Stefanie M. Woodard, Kennesaw State University


This article traces changes in Polish administrative approaches toward indigenous Upper Silesians in the 1960s and 1970s. By commissioning reports from voivodeship leaders in 1967, the Ministry of Internal Affairs recognized that native Silesians held reservations toward Poland and, moreover, that postwar Polonization efforts may have backfired. These officials further understood the need to act quickly against disintegration trends. Although administrators in Katowice and Opole noted that relatively few Silesians engaged in clearly anti-Polish activities, these leaders still believed that West German influence threatened their authority in Silesia.

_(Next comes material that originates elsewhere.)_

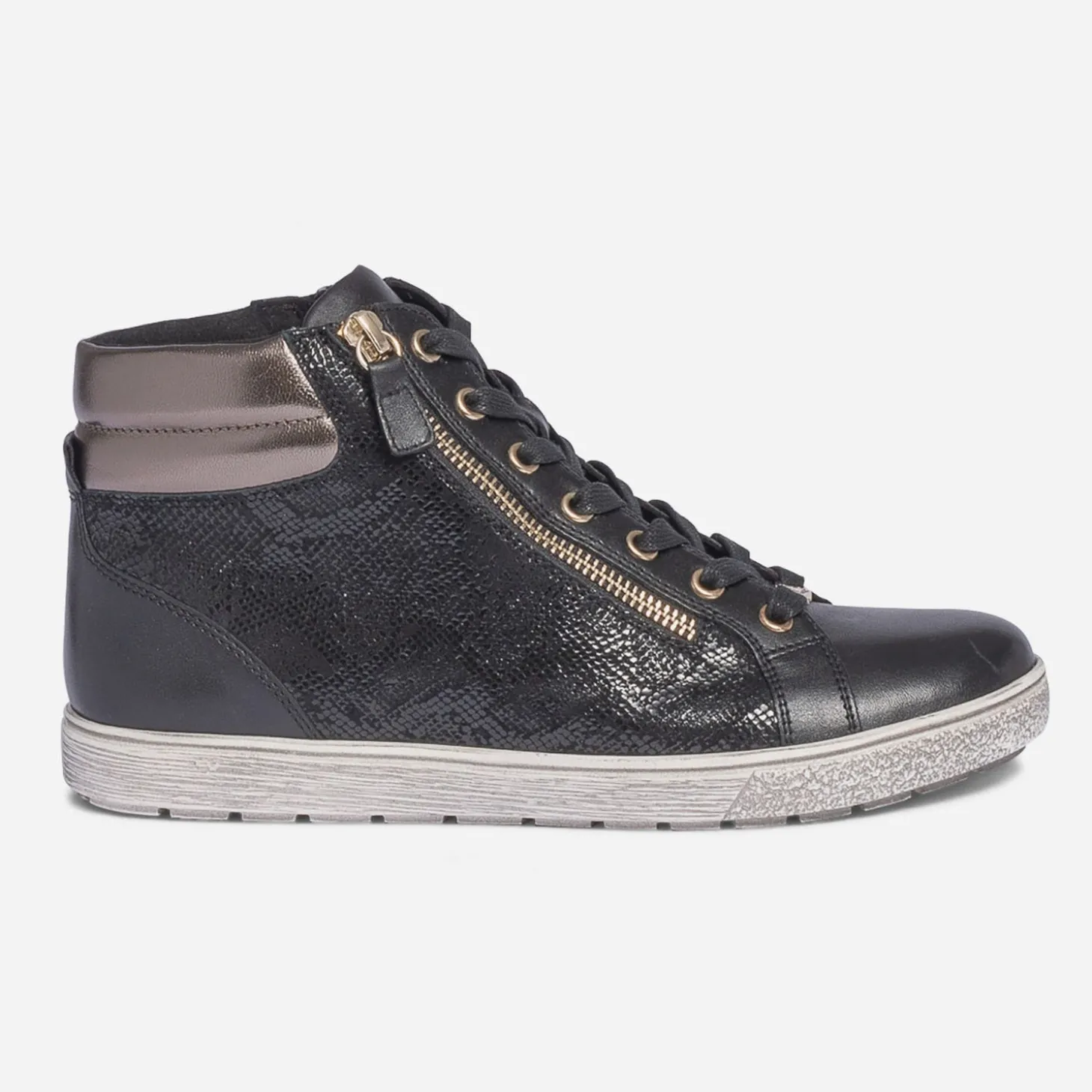 Spécialiste du bien-être, la marque CAPRICE propose des chaussures au confort incomparable. Cette nouvelle basket dévoile une ligne simple, associant laçage et double zip sur les côtés. Laissez-vous séduire par son cuir noir ultra souple, animé d’un imprimé effet python sur les quartiers et d’un effet métallisé bronze sur le hait de tige matelassé. La semelle première en cuir est dotée de la technologie ‘onAIR’, garantissant un meilleur amorti et une aération optimale de la chaussure.

Increasing West German involvement in the area, particularly through care packages and tourism, seemed to support this conclusion. In response to fears of West German infiltration and the rise in emigration applications, local authorities sought to bolster a distinctly Silesian identity. Opole officials in particular argued that strengthening a regional identity, rather than a Polish one, could combat the tendency toward disintegration in Silesia. This policy shift underscored an even greater change in attitude toward the borderland population: instead of treating native Silesians as an innate threat to Polish sovereignty, as had been the case immediately after the war, the administration now viewed them as essential for maintaining authority in western Poland.